Originally Posted by: WatsonD Go to Quoted Post

It is interesting to see this debate about whose responsibility it is. When you see it play out on a forum like this I realise how near-sighted an argument it is. Being a H&S forum the argument will always be biased. However, it doesn't matter It is a company issue. HR, finance H&S, operations managers all should have a vested interest for their own reasons, but ultimately that doesn't matter a jot. It is an issue that needs resolving - by ALL interested parties.

I agree, it is everyone's issue and a company issue. But I feel you do still need one person, running a department, to have responsibility for the management of the issue or you run the risk of everyone thinking someone else will look at that and in the end nobody does. Or two people looking at issues in independence, wasting company time. If responsibilities are not clearly defined, it can lead to a poor system of management.

Edited by user 11 January 2019 06:37:24(UTC)  | Reason: tryping error

Dave5705  
#22 Posted : 11 January 2019 09:54:59(UTC)
Rank: Super forum user
Dave5705

Originally Posted by: toe Go to Quoted Post

I have to disagree with some of the previous posts and advocate that the overall management of working hours is a H&S issue and not a HR issue as some posters have proposed.

The Working Time Regulations have been put into place to prevent employers from forcefully making staff work excessive and unsafe number of hours (although employees can opt out if they wish to work over the recommended weekly limit).  This ultimately leads to a safer workplace. To add, the Regulations have been enacted under the Health and Safety at Work etc Act 1974 and are regulated by the Health and Safety Executive. So… working hours policy and overall management of working hours is a H&S function which is why the OP was asking for advice. That said, I agree with previous posts, it is the Team/Line Managers responsibility to ensure that the working hours are being managed as per the employer’s policy. But overall responsibility lies with the organisation if an accident occurred and excessive working hours was a contributing factor. An employer knowing staff are working excessive hours with no management or provision to reduce them, is in my book - wilful blindness, especially if driving or conducting safety critical tasks.

Here is my rational. Recently, I came across a report titled ‘working time opt out hours’ that detailed a significant number of staff who were working greater that 60hrs over an average of a 36 week period (this gets complicated as it included sleeping hours). I brought this to the attention of the Directors in which we put in plans to reduce the amount of staff working excessive hours over a period of time, starting with the two staff members who were working an average of 80 hours a week. Our HR and Payroll departments knew about staff working excessive hours but did nothing as they were not thinking about the safety aspect of the job, their only focus was getting the ‘opt out’ forms signed.

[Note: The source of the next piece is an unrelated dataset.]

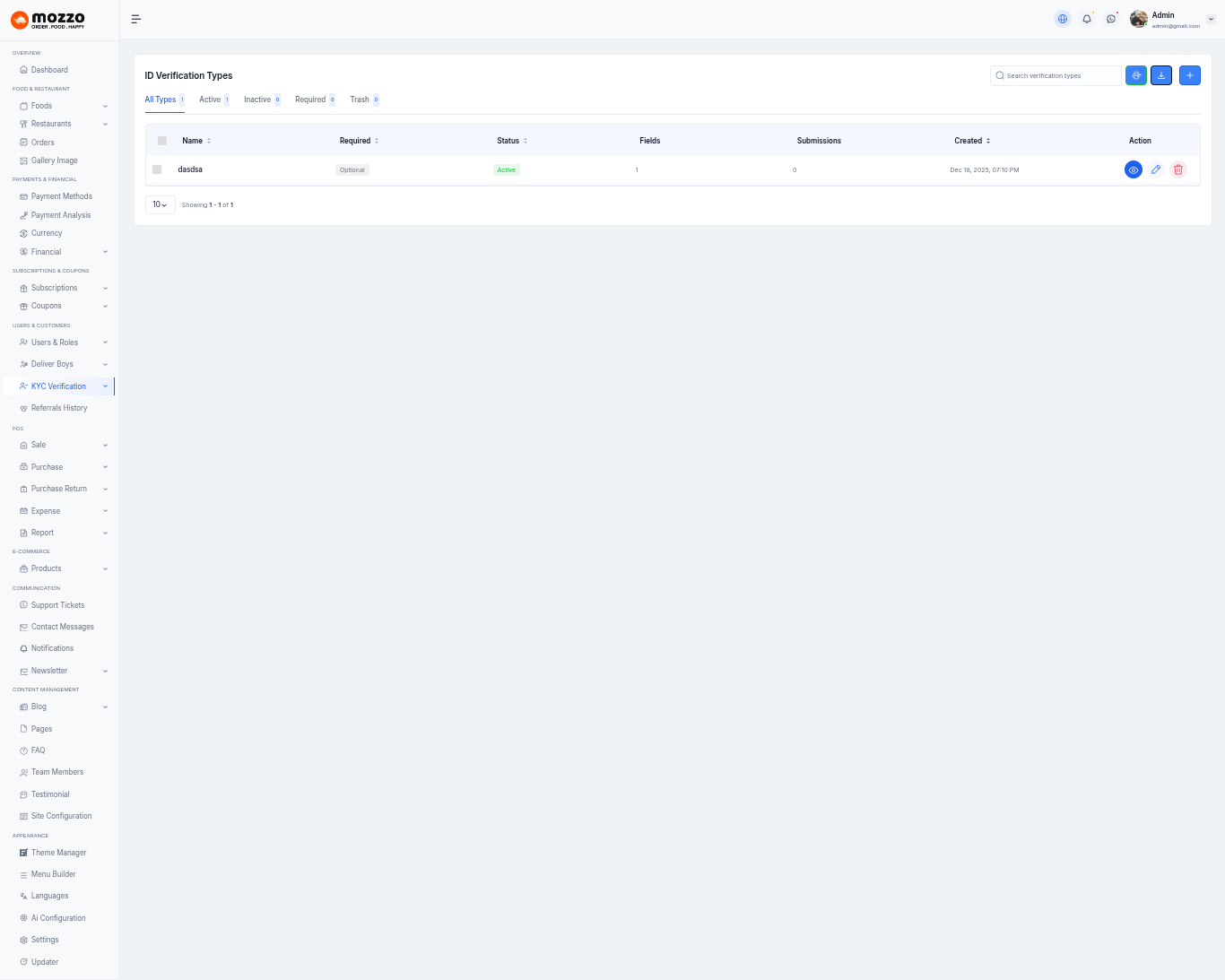 - Dynamic Kyc Types Add/Edit/Delete Option

Are we not starting to talk bike sheds here?

I think Oxford's OP was indicating that he was taking a view to seeing how the problem could be managed, presumably to provide input to decision making. In the case of the health care sector, it may be that little can be done to solve the immediate staffing problem, but they will have looked at it and concluded that nothing can be done (and recorded their findings) because they are legally bound to provide a service despite that fact that it no doubt breaks their working hours and H&S policies.

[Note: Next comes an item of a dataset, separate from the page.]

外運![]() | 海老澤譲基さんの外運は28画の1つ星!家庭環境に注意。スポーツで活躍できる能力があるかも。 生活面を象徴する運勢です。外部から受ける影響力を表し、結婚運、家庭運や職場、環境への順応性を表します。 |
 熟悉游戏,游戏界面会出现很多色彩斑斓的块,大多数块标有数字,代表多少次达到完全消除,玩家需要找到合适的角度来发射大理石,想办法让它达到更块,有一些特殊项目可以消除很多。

I see that as the difference here. Back to the OP, there is an answer to this question, it just hasn't been found yet. Isn't it an H&S function to help decide policy and even terms and conditions when it affects safety (and fatigue will always affect safety), and to provide assistance on solving any issues when asked, but then isn't it the line management's responsibility to ensure that policy is observed, and if it can't be then they should be informing H&S to get assistance, rigour and backing to see if anything can be done to change it. I assume there is regular consultation between H&S and the various departments, where you would ask if there are any issues. Was this raised as part of one of those consultations? In which case isn't everyone doing their job and the system has identified a question which needs resolving. More staff or more time management, but at the moment it is not being controlled, and the baton has been passed to Oxford to solve it because operations either can't or won't. It happens.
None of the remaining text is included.